#### [What to produce]
Skip the pictures and write out, word for word, the lines below from the one with "Пакет ПЭ с ручками" through the one with "惠普 (HP) L0S03AA", inclusive.
------ Source records
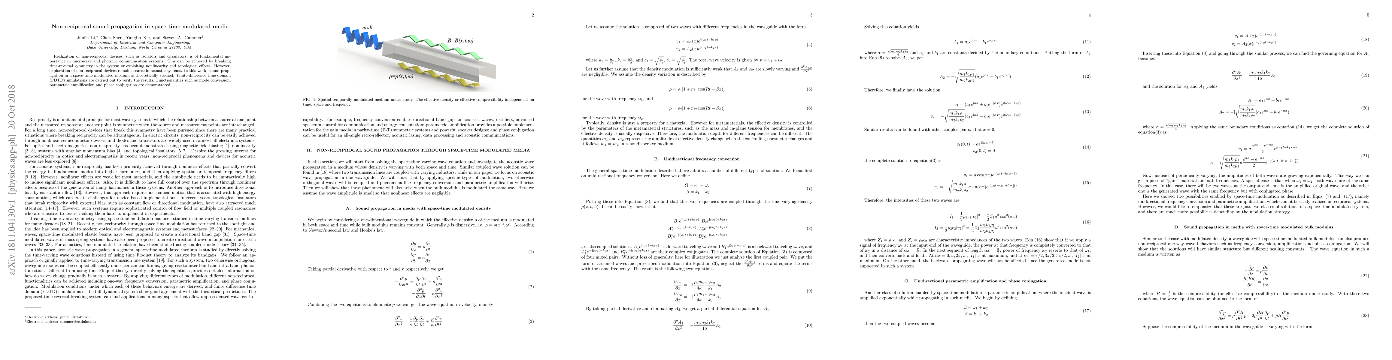 This paper theoretically investigates non-reciprocal sound propagation in space-time modulated media, demonstrating functionalities like mode conversion and parametric amplification through FDTD simulations, expanding the potential for acoustic isolators and circulators.
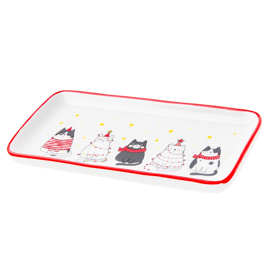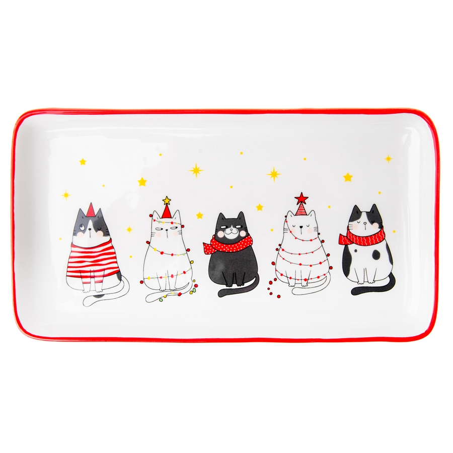 Ceramiczny talerz na ciasto z motywem uroczych świątecznych kotów to solidnie
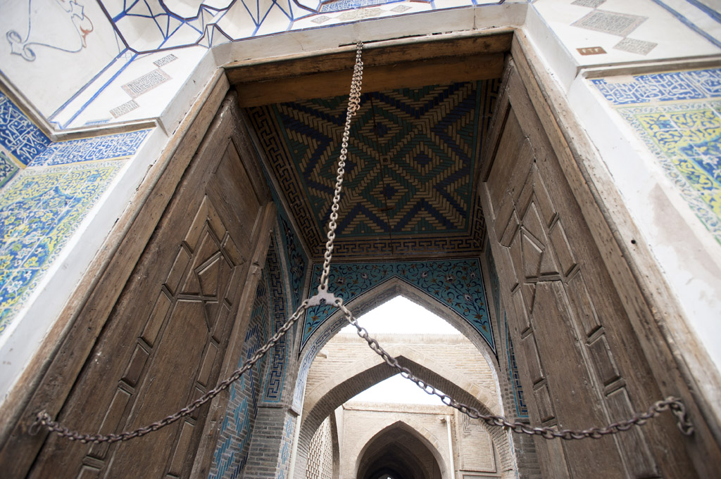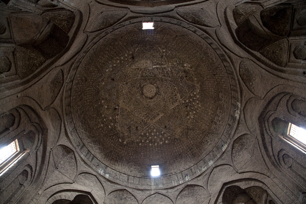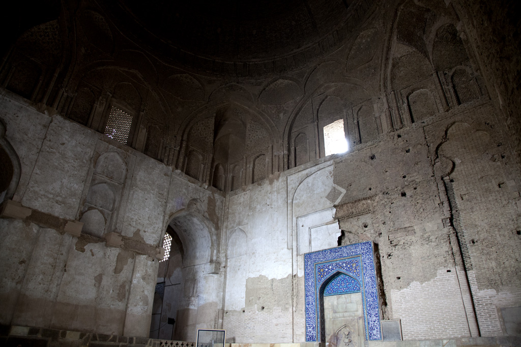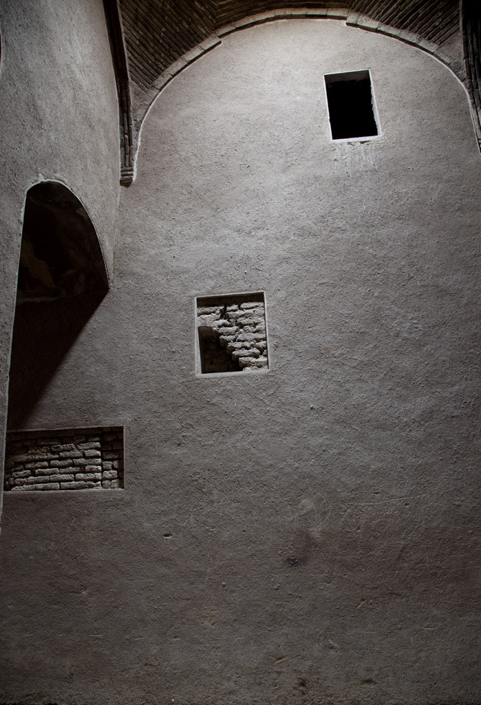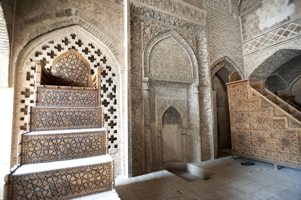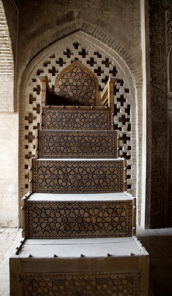 清真寺的內部是以素色的土磚砌成不同的幾何圖案,線條分明,形成深淺不一的顏色,很有層次。 細看之下牆上的花紋也變化多端,還用藝術書法刻上了可蘭經文。大殿內有很多根用磚砌成的柱廊,別小看這些柱,它們是用來支撐著各個圓頂,很宏偉。徘徊於柱廊之間,可以看到變化萬千的光影,非常特別。我們經過一個小房間(Room of Sultan Uljetu),裡面有一個用陶土做成的mihrab壁龕,朝向麥加,凹了下去的坑是祈禱用,上面刻了伊斯蘭花卉圖案和可蘭經的銘文。在壁龕兩邊是木做的講經壇,每一級都刻了細緻的的花紋。接著我們走進了隔壁的冬天祈禱室(beit al-Sheta),平常是關上門,所以要麻煩管理員老佰打開給我們參觀。裡面很清涼,地下鋪滿了一塊塊有紅色傳統花紋地毯。這裡雖然沒有窗,但一點也不覺悶熱,想必炎夏時走進來一定很舒服。 當我想按下快門之際,老佰突然把門和燈也關了,叫我們等一下。大約半分鐘後,當眼睛適應黑暗後,漸漸地看見祈禱室。雪白的牆身開始發出微弱的光,頓時把整個祈禱室照亮了。原來老佰讓我們進來就是要給我們看這效果。
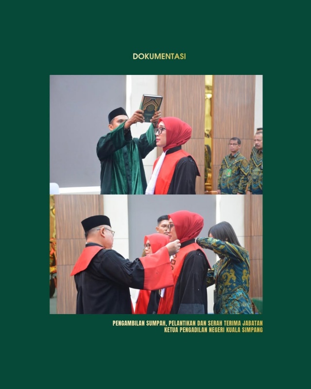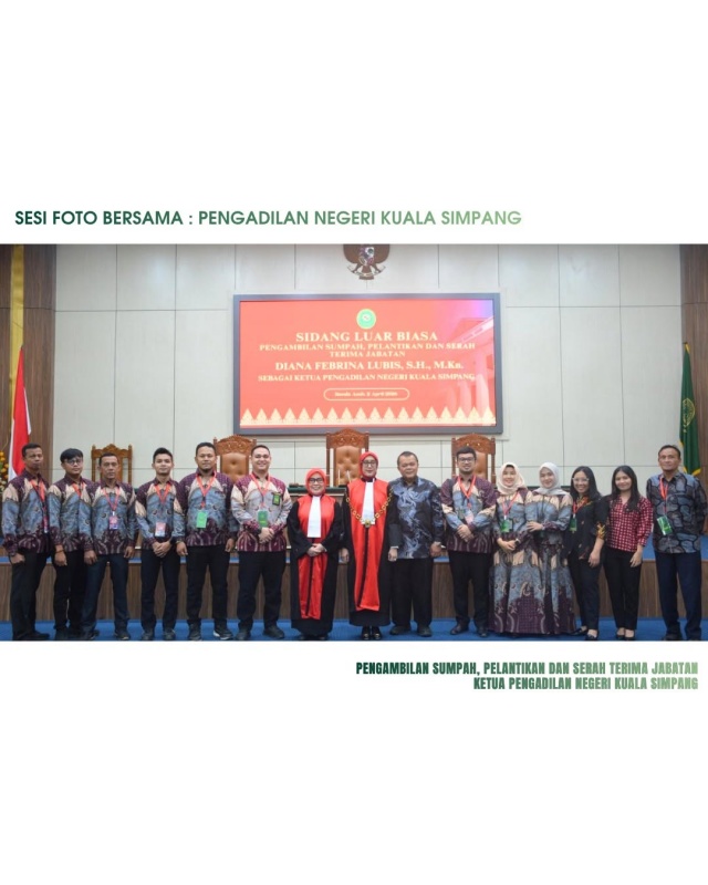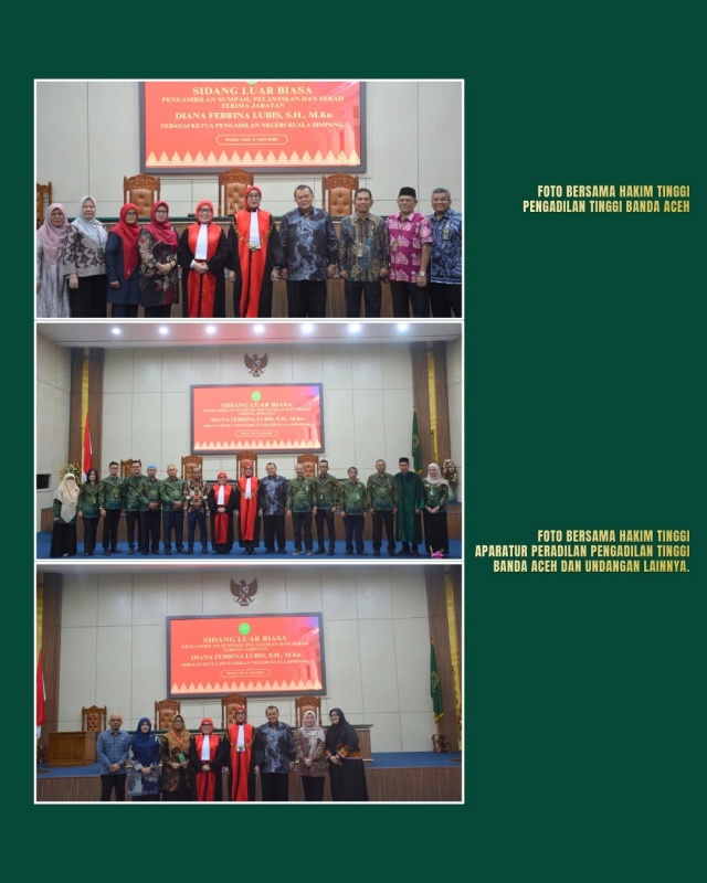 Ketua Pengadilan Tinggi Banda Aceh, Nursyam, S.H., M.Hum., secara resmi mengambil sumpah dan melantik Diana Febrina Lubis, S.H., M.Kn., sebagai Ketua Pengadilan Negeri Kuala Simpang, menggantikan Tri Syahriawani Saragih, S.H., M.H., yang mendapat promosi sebagai Hakim Pengadilan Negeri Bekasi.
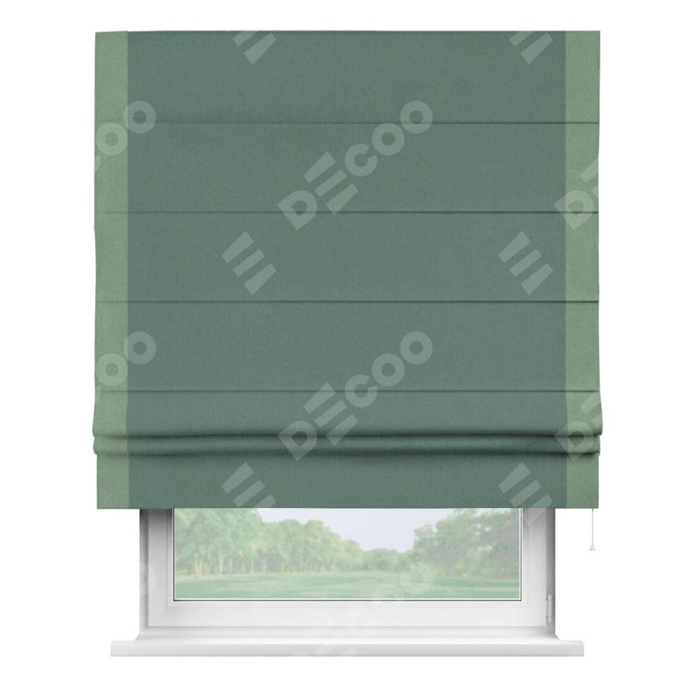 Римская штора «Кортин» с кантом Стрим Дуо, для проема, лён блэкаут бирюзовый
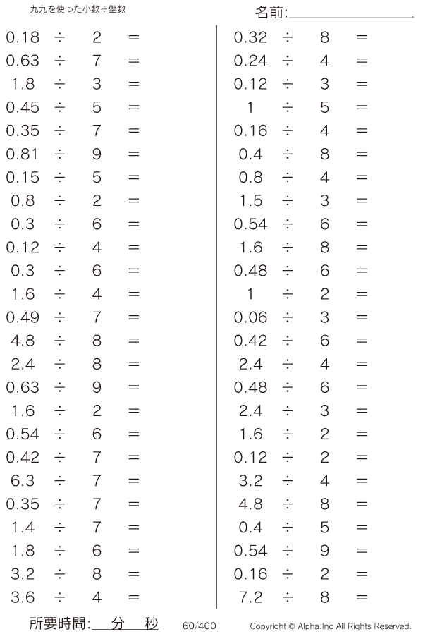 九九を使う小数÷整数 [問題]060/400
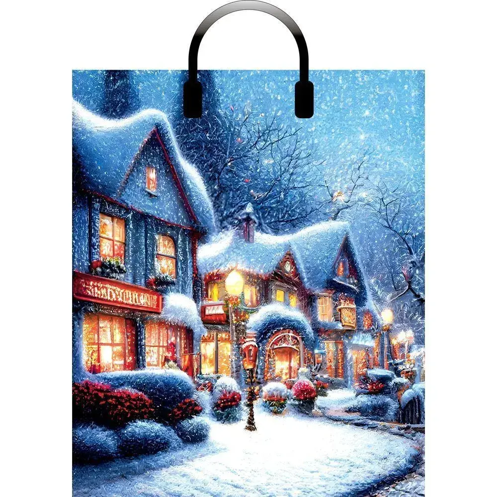 Пакет ПЭ с ручками 38+3см "Рождественская ночь", комплект 5 шт, праздничный дизайн
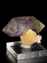 Srostlice krystalů ametystu světle fialové barvy a sněhobílých kalcitů. Vzorek má nepoškozené oboustranné ukončení hlavního krystalu, zajímavý lesk a především výbornou kompozici. Na podložce je řada krystalů kalcitu o velikosti do 1,2 cm. Hezký a velký zástupce africké lokality. V krystalu ametystu se pohybují drobné plynokapalné inkluze o velikosti největší bubliny 0,5 mm. Vzorek muzejních kvalit dodávaný na akrylovém podstavci.
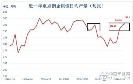 從記錄數(shù)據(jù)來看,2月份重點(diǎn)鋼企粗鋼日均產(chǎn)量達(dá)到194.3萬噸,與去年10月均值194.8萬噸相當(dāng);換句話說,盡管2月屬于鋼市傳統(tǒng)淡季,還有春節(jié)假期,但是,重點(diǎn)鋼企粗鋼日均產(chǎn)量卻與去年金十月旺季的產(chǎn)量相當(dāng),這個2月重點(diǎn)鋼企的生產(chǎn)效率之高實(shí)在讓人驚訝。
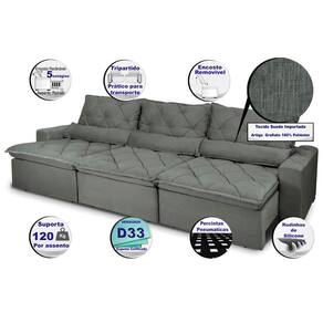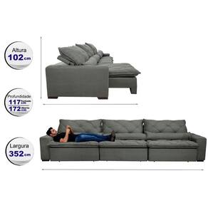 Sofá Lisboa 3,52m Retrátil, Reclinável com Molas no Assento e Almofadas Lombar Tecido Suede Grafite
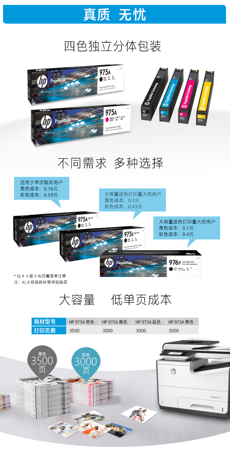 惠普 (HP) L0S03AA 975X高容量品色耗材 页宽系列 (适用页宽打印机577dw/577z/477dwMFP 552dw 452dw)
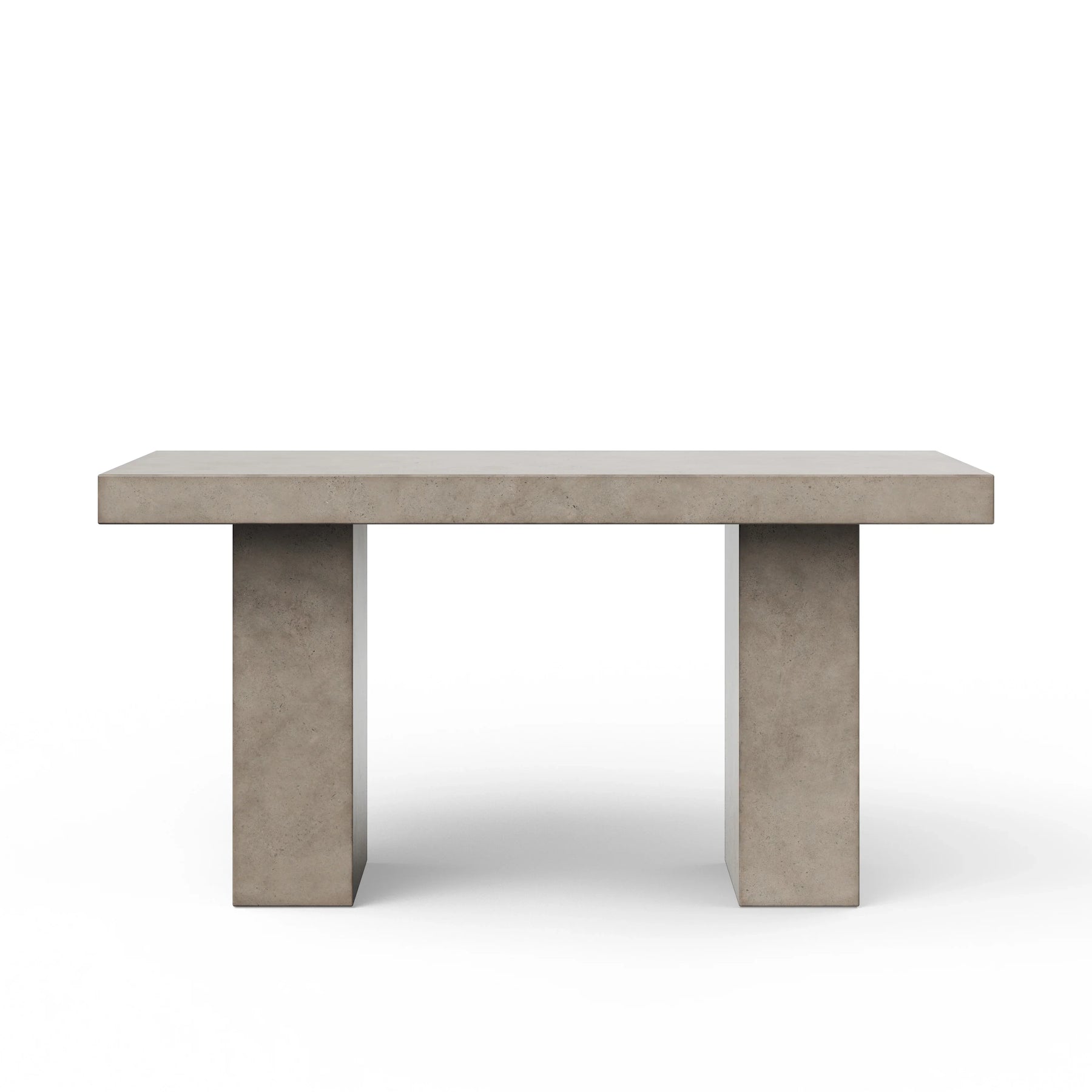 Handcrafted in Vietnam by skilled artisans using natural materials, the Elcor Counter Height Table showcases a rectangular top supported by two robust pedestal legs. With its unique patina reflecting natural markings and varied tones, each piece boasts character. Constructed from durable fiber-reinforced concrete, this modern counter height table seamlessly blends a refined aesthetic with an industrial edge. Designed for both indoor and outdoor use, the Elcor Table is perfect for kitchen counters, patio dining areas, or contemporary commercial settings. Embracing its inherent charm, small hairline cracks and imperfections contribute to its distinctive allure.
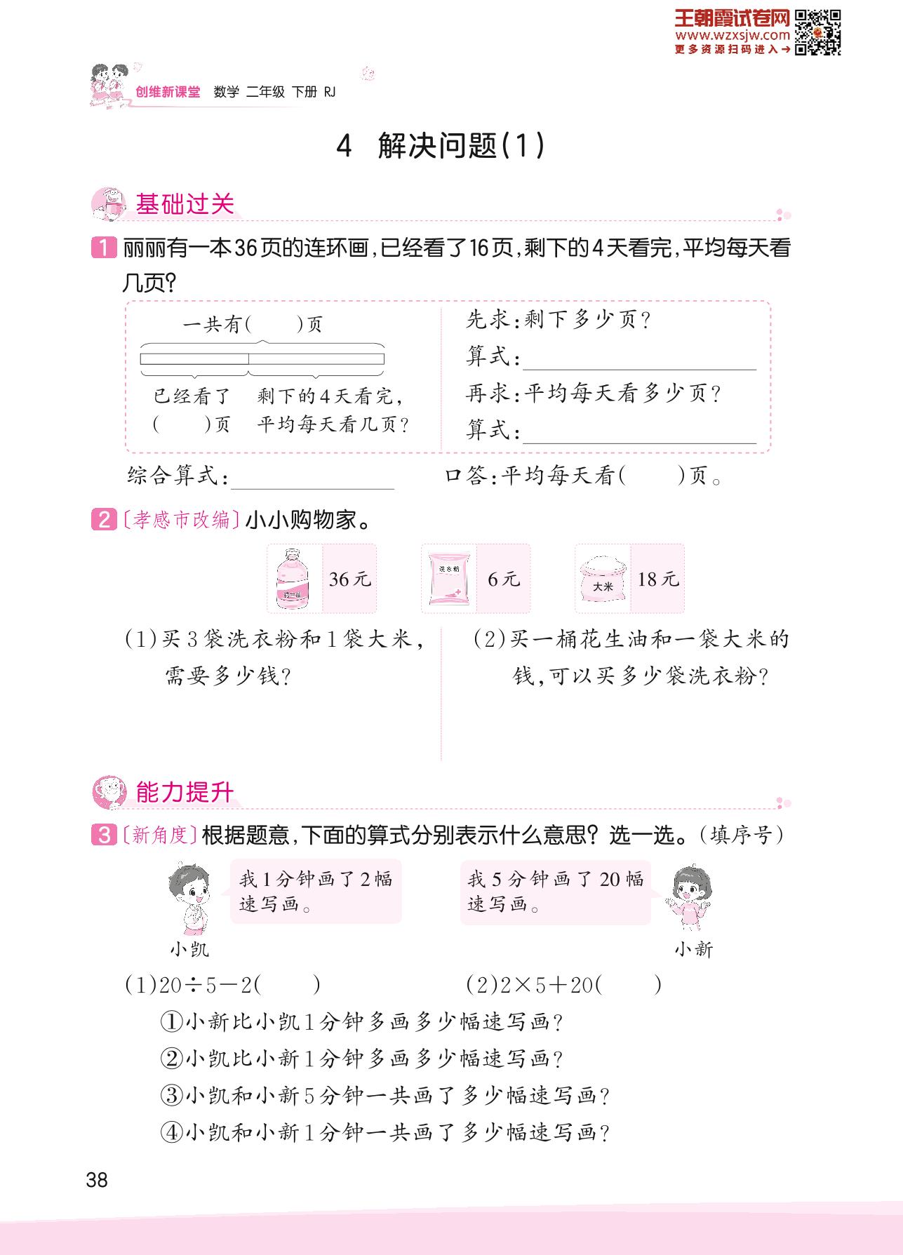 2023下册二年级数学人教版 五 混合运算——4 解决问题(1)
------------
#### [Exercise output]
 Пакет ПЭ с ручками 38+3см "Рождественская ночь", комплект 5 шт, праздничный дизайн
 Srostlice krystalů ametystu světle fialové barvy a sněhobílých kalcitů. Vzorek má nepoškozené oboustranné ukončení hlavního krystalu, zajímavý lesk a především výbornou kompozici. Na podložce je řada krystalů kalcitu o velikosti do 1,2 cm. Hezký a velký zástupce africké lokality. V krystalu ametystu se pohybují drobné plynokapalné inkluze o velikosti největší bubliny 0,5 mm. Vzorek muzejních kvalit dodávaný na akrylovém podstavci.
 從記錄數(shù)據(jù)來看,2月份重點(diǎn)鋼企粗鋼日均產(chǎn)量達(dá)到194.3萬噸,與去年10月均值194.8萬噸相當(dāng);換句話說,盡管2月屬于鋼市傳統(tǒng)淡季,還有春節(jié)假期,但是,重點(diǎn)鋼企粗鋼日均產(chǎn)量卻與去年金十月旺季的產(chǎn)量相當(dāng),這個2月重點(diǎn)鋼企的生產(chǎn)效率之高實(shí)在讓人驚訝。
 Sofá Lisboa 3,52m Retrátil, Reclinável com Molas no Assento e Almofadas Lombar Tecido Suede Grafite
 惠普 (HP) L0S03AA 975X高容量品色耗材 页宽系列 (适用页宽打印机577dw/577z/477dwMFP 552dw 452dw)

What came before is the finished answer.